##### STUDY MATERIAL #####
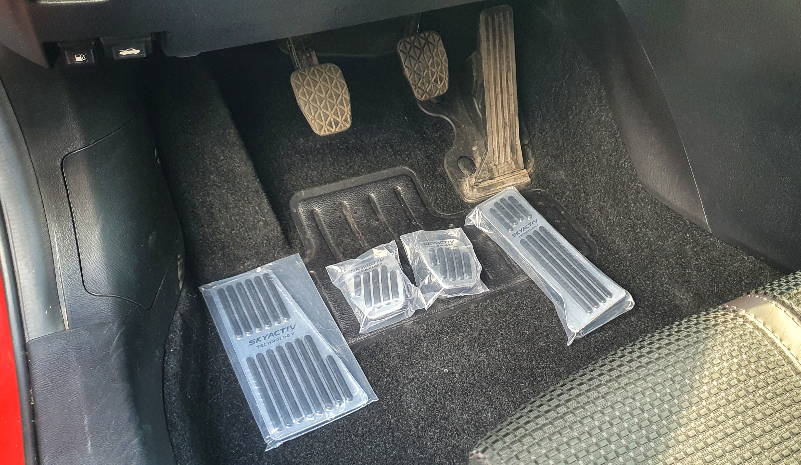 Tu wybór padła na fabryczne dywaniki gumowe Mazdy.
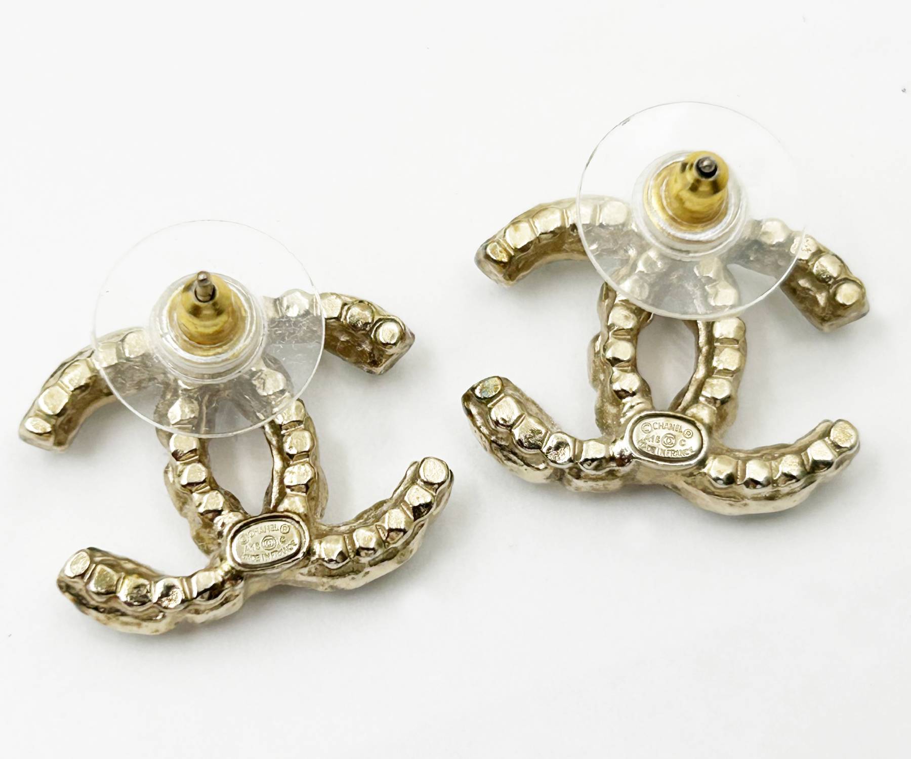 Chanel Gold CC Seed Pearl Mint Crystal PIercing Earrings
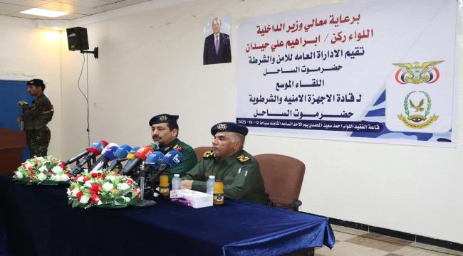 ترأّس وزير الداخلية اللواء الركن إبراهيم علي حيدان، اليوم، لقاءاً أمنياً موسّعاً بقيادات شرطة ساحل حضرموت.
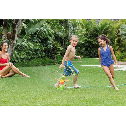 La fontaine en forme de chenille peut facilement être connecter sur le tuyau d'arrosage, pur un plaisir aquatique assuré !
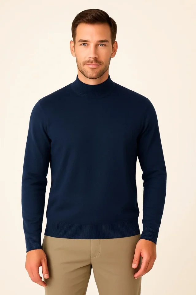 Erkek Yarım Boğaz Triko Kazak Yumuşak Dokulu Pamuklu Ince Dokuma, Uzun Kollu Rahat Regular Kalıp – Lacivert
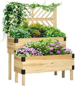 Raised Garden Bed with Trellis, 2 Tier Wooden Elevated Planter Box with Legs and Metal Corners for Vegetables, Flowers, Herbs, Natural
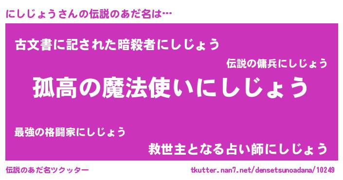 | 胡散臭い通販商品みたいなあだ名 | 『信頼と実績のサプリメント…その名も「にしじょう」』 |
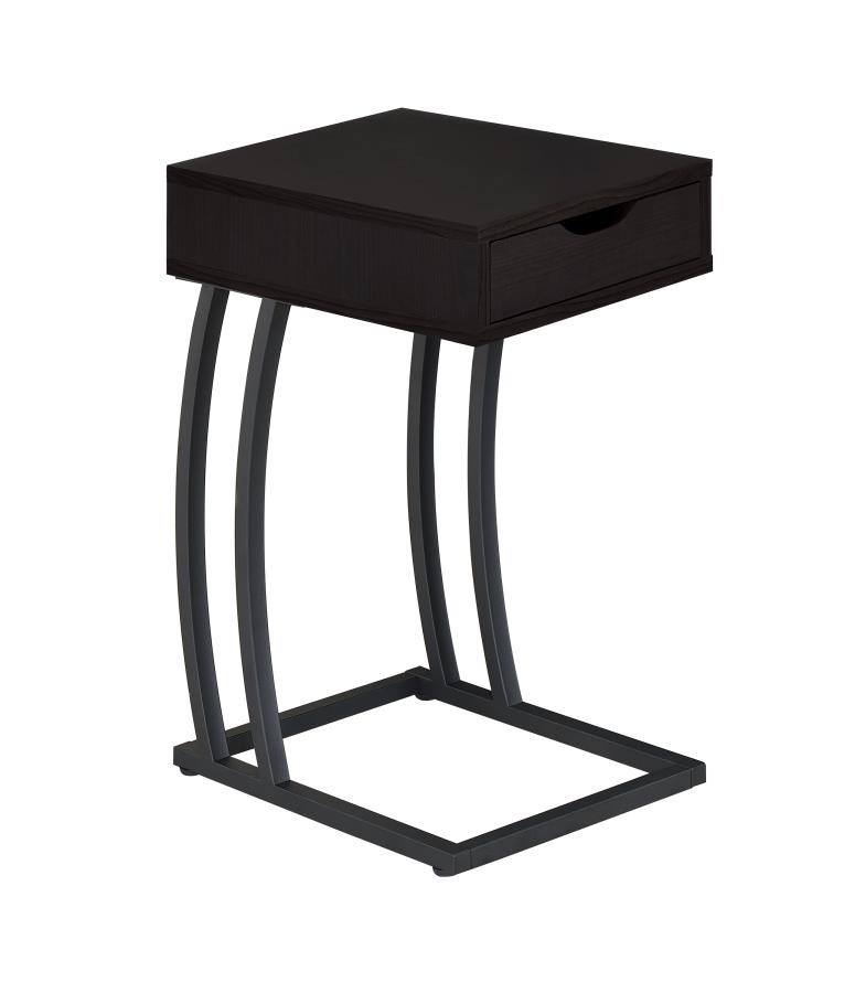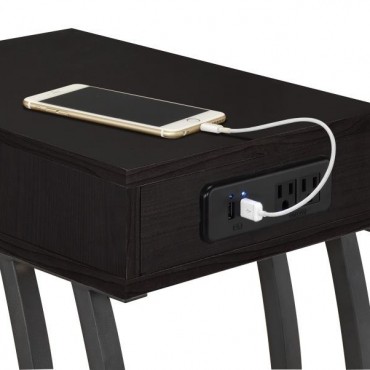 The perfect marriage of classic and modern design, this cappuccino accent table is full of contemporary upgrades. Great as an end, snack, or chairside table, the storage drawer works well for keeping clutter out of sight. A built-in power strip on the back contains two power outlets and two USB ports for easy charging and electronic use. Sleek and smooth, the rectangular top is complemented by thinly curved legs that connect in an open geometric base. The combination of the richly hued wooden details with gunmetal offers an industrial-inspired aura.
#####
WORK TO COMPLETE: Working from the entries above, reproduce exactly and only the lines beginning with the line that has "Chanel Gold CC" and ending with the line that has "胡散臭い通販商品みたいなあだ名 | 『信頼と実績のサプリメント…その名も「にしじょう」』 |"; omit all pictures.

SOLUTION FOR THIS EXERCISE:
 Chanel Gold CC Seed Pearl Mint Crystal PIercing Earrings
 ترأّس وزير الداخلية اللواء الركن إبراهيم علي حيدان، اليوم، لقاءاً أمنياً موسّعاً بقيادات شرطة ساحل حضرموت.
 La fontaine en forme de chenille peut facilement être connecter sur le tuyau d'arrosage, pur un plaisir aquatique assuré !
 Erkek Yarım Boğaz Triko Kazak Yumuşak Dokulu Pamuklu Ince Dokuma, Uzun Kollu Rahat Regular Kalıp – Lacivert
 Raised Garden Bed with Trellis, 2 Tier Wooden Elevated Planter Box with Legs and Metal Corners for Vegetables, Flowers, Herbs, Natural
 | 胡散臭い通販商品みたいなあだ名 | 『信頼と実績のサプリメント…その名も「にしじょう」』 |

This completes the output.